Bij dergelijke verdachtmakingen wordt het antwoorden moeilijker. Het woord kliek vooral is zo vreselijk vernietigend. Wat is een kliek, in tegenstelling tot een school, tot een richting, tot een beweging? Van Dale kan ons hier gemakkelijk diensten bewijzen, maar het ongeluk wil dat men deze vier en andere woorden bezigt voor dezelfde dingen, geheel naar de sympathie of antipathie die deze dingen de spreker inboezemen. De welingelichte burgerij in de dagen van ‘tachtig’ sprak bijv. zonder gewetensbezwaar van de kliek van De Nieuwe Gids, van de kliek van Kloos en Van Deyssel. Deze klieken worden rustigweg, voor een latere burgerij, stromingen en bewegingen, vol figuren en gestalten, in literatuurgeschiedenissen. Leiden en Utrecht zijn - en niet alleen ten opzichte van de koloniale staatkunde - scholen of richtingen, wat toch niemand hoeft te beletten om, in een boze bui, van de kliek van Leiden of van Utrecht te spreken...

Past men dus, na dergelijke ontboezemingen, het fameuze zelfonderzoek toe, dat Anthonie Donker iedere ernstige criticus voorschreef als voorbereiding tot de daad van woorden

[p. 428]

op papier te zetten, dan zou men in mijn geval zich afvragen: gegeven dat het mijn taak is naar beste weten voor te lichten, dat ik bij deze voorlichting een enkele keer het nederlandse essay dien te behandelen, hoe spijtig dit ook moge zijn voor de lezers die niets genieten of achten buiten de roman, - over welke nederlandse essayisten zou ik met ere kunnen spreken, indien niet over Ter Braak, Vestdijk, Marsman, desnoods over Anthonie Donker, al hoort deze reeds tot het tweede plan, behalve wanneer hij over poëzie schrijft? Van Duinkerken is een geleerd man maar een vrij stomp essayist, bovendien bij voorbaat beperkt door zijn katholicisme; ongetwijfeld superieur aan zijn geloofsgenoot Knuvelder, is hij, als stylist, als denker, of men het goed vindt of niet, kennelijk inferieur aan Ter Braak. Er is één criticus in Holland, die de traditie ophoudt van de wetenschappelijke, de in de eerste plaats literair-historische critiek, en die dat met talent doet: Garmt Stuiveling. Misschien zal dr Stuiveling zich met de jaren bevestigen als de meest ‘objectieve’, de meest betrouwbare criticus in onze hedendaagse letteren. Maar dan nog, of liever, dan vooràl, zal men hem moeten beschouwen als een geleerde en een criticus. Niet als een essayist.

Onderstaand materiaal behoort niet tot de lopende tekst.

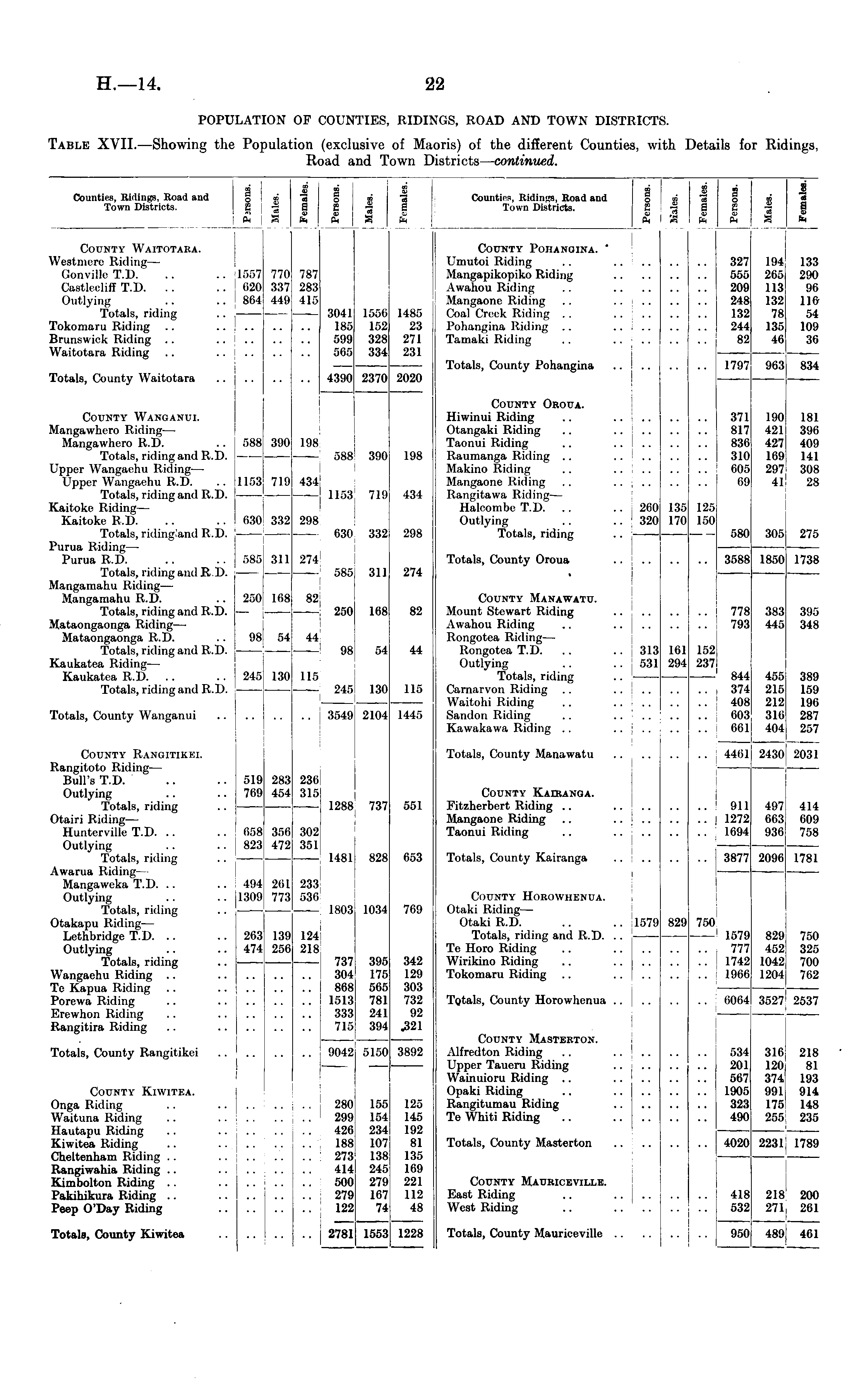 POPULATION OF COUNTIES, RIDINGS, ROAD AND TOWN DISTRICTS. Table XVII.—Showing the Population (exclusive of Maoris) of the different Counties, with Details for Ridings, Road and Town Districts— continued.

Ter Braak is - en veel meer dan Vestdijk ook - wat men noemt de geboren essayist. De titels van zijn vier grote essays zijn bekend genoeg (overigens, in een van mijn eerste kronieken in dit blad heb ik een overzicht gegeven van zijn werk, hetgeen mij ontslaat van de verplichting het hier nogmaals te doen). Daarnaast en daartussen door ontstonden zijn bundels van kleinere stukken, over het algemeen minder bekend: Afscheid van Domineesland (sensationele titel voor een bundel die nog heel wat jeugdwerk bevat en jeugdwerk dat, grappig genoeg, heel wat ‘zwaarder’ en ‘duitser’ geschreven is dan men nu van Ter Braak gewend is); Man tegen Man (een bundel die reeds enige van zijn boeiendste stukken bevat, de polemische o.a. tegen Van Duinkerken); Het Tweede Gezicht; Mephistophelisch. Dit laatste, in een bibliofielen-editie uitgegeven, is te beschouwen als een bijverschijnsel van de bundel die ik

[p. 429]

hier bespreken ga, want de korte, bijna aforistische stukken, waaruit dit werkje bestaat, werden ‘losgemaakt’ uit critieken, verschenen in Het Vaderland, waarvan Ter Braak sinds jaren literair redacteur is. In Gesprek met de Vorigen is een keuze gedaan uit dezelfde critieken, maar ditmaal zijn het de complete stukken, alleen herzien en verbeterd.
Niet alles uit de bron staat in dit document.